How much hydrochloric acid and calcium carbonate is required to produce 2.8 liters of carbon dioxide?

To solve the problem, we write the equation:
2HCl + CaCO3 = CaCl2 + CO2 + H2O – ion exchange reaction, carbon monoxide is released (4);
Let’s calculate the molar masses:
M (HCl) = 36.5 g / mol;
M (CaCO3) = 100 g / mol;
M (CO2) = 44 g / mol;
Let’s calculate the amount of mol of CO2, HCl:
1 mol of gas at normal level – 22.4 liters.
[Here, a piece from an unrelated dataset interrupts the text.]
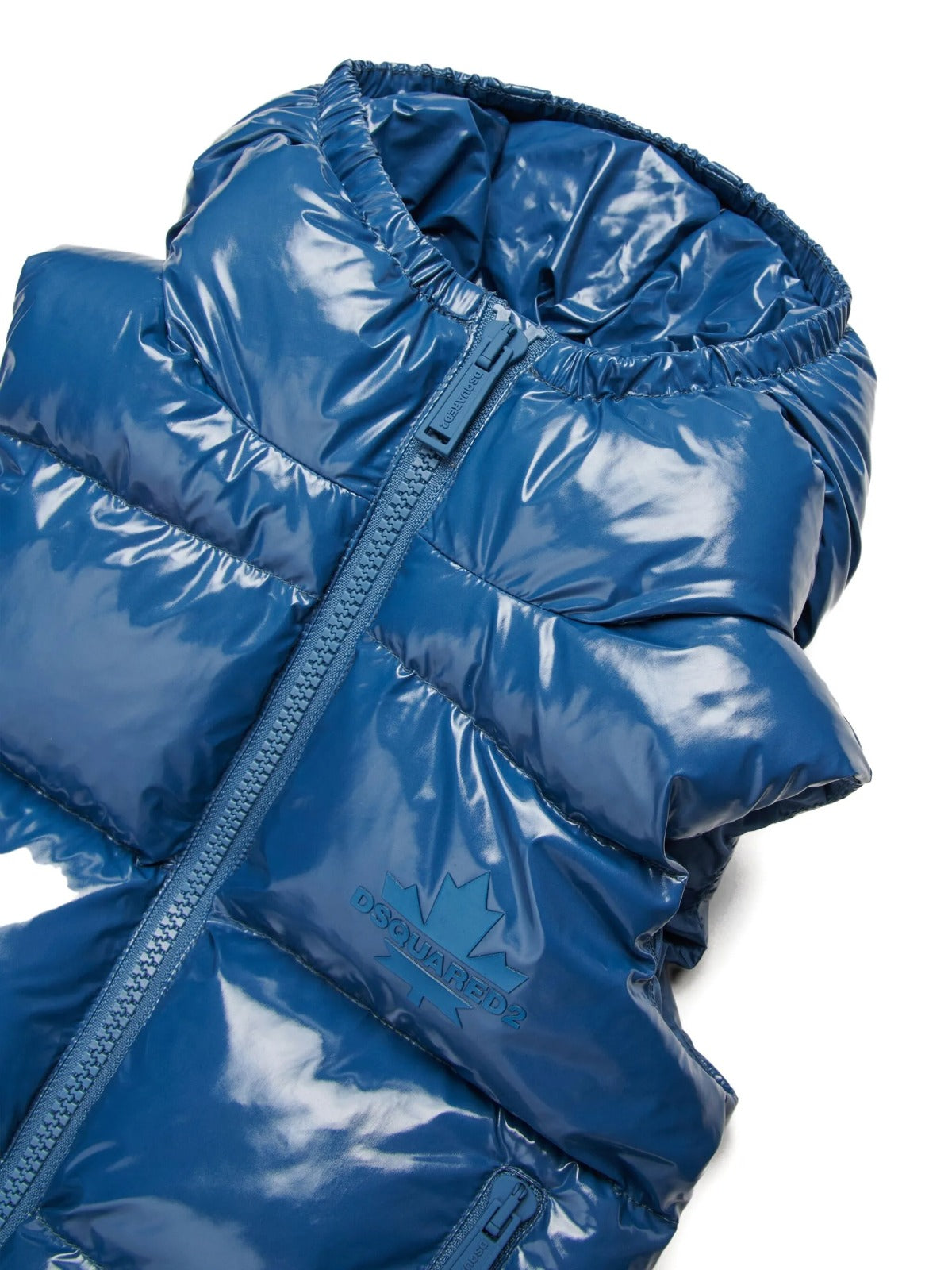 Il giubbino smanicato puffer copen bleu Dsquared2 Kids per Bambini unisce praticità e stile contemporaneo, perfetto per i mesi più freddi. Realizzato in nylon lucido e trapuntato, offre un’imbottitura accogliente e calda per proteggere durante le uscite invernali. Il design è caratterizzato da:

X mol (CO2) – 2.8 liters. hence, X mol (CO2) = 1 * 2.8 / 22.4 = 0.125 mol;
X mol (HCl) – 0.125 mol (CO2);
-2 mol – 1 mol from here, X mol (HCl) = 2 * 0.125 / 1 = 0.25 mol;
According to the equation, the number of moles CaCO3, CO2 is equal to 1 mol, which means that Y (CaCO3) = 0.125 mol.
We find the mass of salt, hydrochloric acid:
m (CaCO3) = Y * M = 0.125 * 100 = 12.5 g;
m (HCl) = Y * M = 0.25 * 36.5 = 9.125 g.
Answer: the mass of calcium carbonate is 12.5 g, the mass of hydrochloric acid is 9.125 g.